Building Scalable Microservices on AWS with Kubernetes
Microservices architecture promises independent deployability, technology flexibility, and horizontal scalability. But the gap between a conference talk about microservices and a production system handling real traffic is enormous. Most teams that attempt the migration end up with a distributed monolith — all the complexity of microservices with none of the benefits.
This guide covers the practical decisions you need to make when building microservices on AWS with Kubernetes, based on patterns we have deployed across fintech platforms, healthcare systems, and enterprise SaaS products at Masarrati.
When Microservices Make Sense (And When They Do Not)

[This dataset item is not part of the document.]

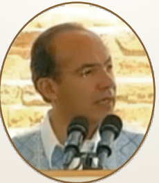
Felipe Calderón Hinojosa, Presidente de México

“La ciudad de Atzompa era, no sólo un barrio de Monte Albán, sino era el lugar de sus sacerdotes y sus gobernantes. Por sus dimensiones es la zona más grande en el territorio ocupado por los zapotecos”.

Before committing to microservices, be honest about whether your problem actually requires them. Microservices solve organizational scaling problems. If you have a single team of 5-8 engineers, a well-structured monolith will move faster than microservices for at least the first 18 months.
Microservices make sense when you have multiple teams that need to deploy independently, when different parts of your system have dramatically different scaling requirements, or when you need to use different technology stacks for different capabilities (machine learning services in Python, real-time APIs in Go, data pipelines in Scala).
They do not make sense as a starting architecture for a new product, as a solution to a poorly structured codebase (that is a refactoring problem, not an architecture problem), or when your team lacks operational maturity to manage distributed systems.
Service Decomposition Strategies
The hardest part of microservices is deciding where to draw the boundaries. Get this wrong and you spend years fighting cross-service dependencies, distributed transactions, and cascading failures.
### Domain-Driven Design Boundaries
Start with domain-driven design (DDD) bounded contexts. Each microservice should own a complete business capability — its data, its logic, and its API. The boundaries should align with organizational boundaries (Conway's Law), not technical layers.
For an e-commerce platform, good boundaries might be: Order Management, Inventory, Payment Processing, User Accounts, Notifications, and Search. Bad boundaries would be: API Layer, Business Logic Layer, Data Access Layer — that is just a distributed monolith.
### The Strangler Fig Pattern
If you are migrating from a monolith, use the strangler fig pattern. Route traffic through a facade that directs requests to either the monolith or the new microservice. Migrate one capability at a time, prove it works in production, then move to the next.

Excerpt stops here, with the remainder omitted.